First off--your model Ammco is their "El-Cheapo" model.
Yeah, they work, when they work that is.
I doubt that your problem lies within the spindle bearings. But it could-- I suggest that you tug on the spindle to see if you get any back and forth end-play, or up and down play.... if so, you are screwed. This machine is not worth the effort, money and time fix this problem.

As for the arbor...

This model uses the same arbor that the better 3000, 4000, 4100, 7000 and 7100 models.

Every time you replace an arbor (new or used) you have to...

A. Lap the arbor into the spindle using lapping compound (just like lapping valves in a cylinder head) The lapping compound is then cleaned out of the spindle and off the arbor, then...

B. You then have to check the "runout" with a dial indicator. These are obtained cheaply at Harbor Freight FYI. With the dial indicator mounted (magnetically) on the twin-cutter check the arbor run-out. The runout (two inches from the spindle) should be no more than 1 1/2 thousandths. One thousandth or under is optimal. Any reading over 8 thousandths cannot be straightened.

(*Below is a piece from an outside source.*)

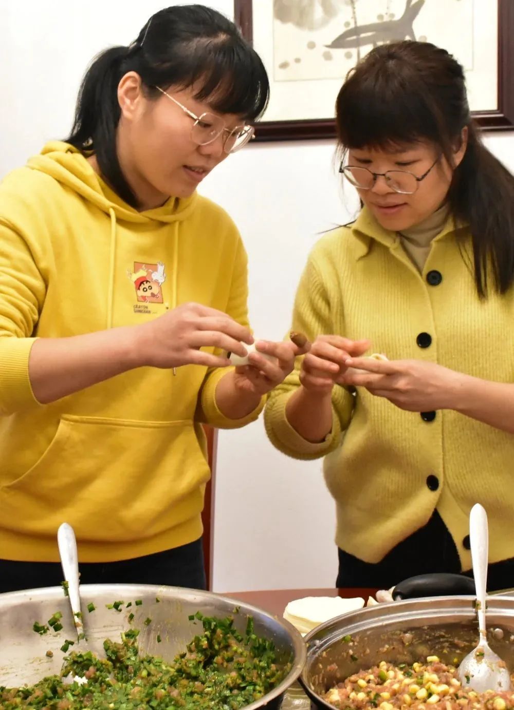 新春伊始,大家齊聚餐廳各顯神通,放餡、捏皮,完整連貫。一會(huì )兒功夫,一盤(pán)盤(pán)大小勻稱(chēng)、緊實(shí)飽滿(mǎn)、形狀美觀(guān)的餃子整齊地擺上了臺面:月牙狀、元寶狀、柳葉狀等各式各樣的餃子組成了一桌餃子“全家?!?,堪比精美花朵百花齊放。
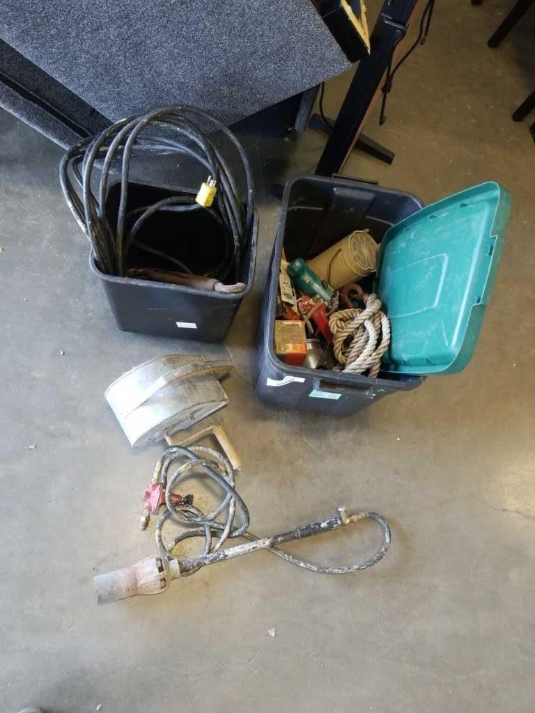 TIGER TORCH, EXTENSION CORD, JIGSAW AND TOTE OF TOOLS

C. If the run out exceeds 1 1/2 thousandths, you have to then straighten the arbor.

To straighten the arbor you will again need the dial-indicator and a heavy copper hammer....

With a wrench on the end of the draw bar (far right on the end of the drum gearbox), rotate the machine (counter clockwise) until you find the high spot on the arbor (carefully watching the dial-indicator).

Remove the dial indicator and give the arbor a whack with the hammer (not too hard if this is your first time) when the high spot is directly straight up.

Install the dial-indicator and check the run-out again.

Sometimes you will get it on the first whack--sometimes you will have to go through an ordeal until you get the arbor in spec.

And remember--sometimes you can bust the arbor completely off on the first whack. They are hardened and allegedly tempered, but some are more hard than others. If it breaks off--tough luck. You need to get another arbor.

I have personally straightened arbors more than 30 thousandths out (once)... and I don't want to repeat that ordeal. Sometimes arbors cannot be straightened (bent in strange ways) and cannot be straightened.

When loosening a rotor, do not allow the work to dump onto the arbor. This is the main reason they go out of whack.